Start of Block

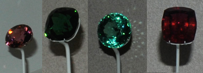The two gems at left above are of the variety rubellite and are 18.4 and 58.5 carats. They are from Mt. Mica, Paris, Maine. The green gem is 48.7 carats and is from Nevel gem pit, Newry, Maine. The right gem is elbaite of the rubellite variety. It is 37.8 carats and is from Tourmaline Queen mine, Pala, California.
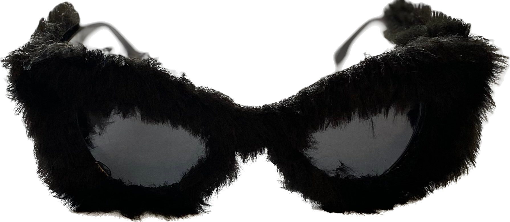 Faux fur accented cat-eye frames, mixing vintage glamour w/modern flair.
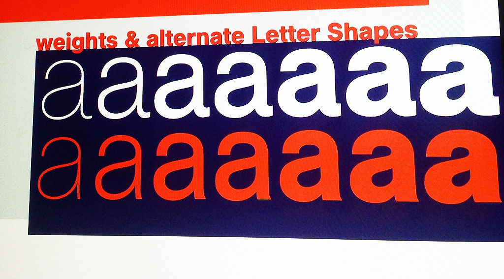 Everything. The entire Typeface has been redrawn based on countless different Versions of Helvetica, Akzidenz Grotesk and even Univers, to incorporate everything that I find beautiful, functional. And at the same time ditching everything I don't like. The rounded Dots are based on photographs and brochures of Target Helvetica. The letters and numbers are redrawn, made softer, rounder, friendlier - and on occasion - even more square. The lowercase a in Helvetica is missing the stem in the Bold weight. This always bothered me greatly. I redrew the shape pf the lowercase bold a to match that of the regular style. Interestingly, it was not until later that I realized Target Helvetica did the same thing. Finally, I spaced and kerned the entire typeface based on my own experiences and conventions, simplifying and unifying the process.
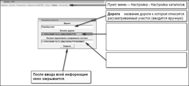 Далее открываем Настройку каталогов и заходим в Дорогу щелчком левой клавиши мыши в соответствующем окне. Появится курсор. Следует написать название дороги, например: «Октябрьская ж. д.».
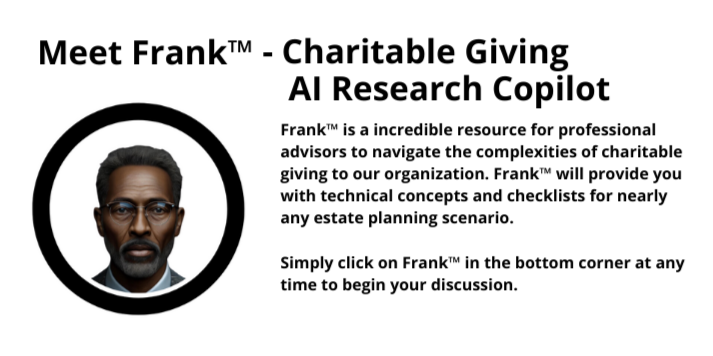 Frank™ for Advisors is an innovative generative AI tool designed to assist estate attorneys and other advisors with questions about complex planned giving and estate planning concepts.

End of Block

• _PROBLEM DETAILS_: Reprint the entries above exactly, images removed.

• _WORKED SOLUTION_:
The two gems at left above are of the variety rubellite and are 18.4 and 58.5 carats. They are from Mt. Mica, Paris, Maine. The green gem is 48.7 carats and is from Nevel gem pit, Newry, Maine. The right gem is elbaite of the rubellite variety. It is 37.8 carats and is from Tourmaline Queen mine, Pala, California.
 Faux fur accented cat-eye frames, mixing vintage glamour w/modern flair.
 Everything. The entire Typeface has been redrawn based on countless different Versions of Helvetica, Akzidenz Grotesk and even Univers, to incorporate everything that I find beautiful, functional. And at the same time ditching everything I don't like. The rounded Dots are based on photographs and brochures of Target Helvetica. The letters and numbers are redrawn, made softer, rounder, friendlier - and on occasion - even more square. The lowercase a in Helvetica is missing the stem in the Bold weight. This always bothered me greatly. I redrew the shape pf the lowercase bold a to match that of the regular style. Interestingly, it was not until later that I realized Target Helvetica did the same thing. Finally, I spaced and kerned the entire typeface based on my own experiences and conventions, simplifying and unifying the process.
 Далее открываем Настройку каталогов и заходим в Дорогу щелчком левой клавиши мыши в соответствующем окне. Появится курсор. Следует написать название дороги, например: «Октябрьская ж. д.».
 Frank™ for Advisors is an innovative generative AI tool designed to assist estate attorneys and other advisors with questions about complex planned giving and estate planning concepts.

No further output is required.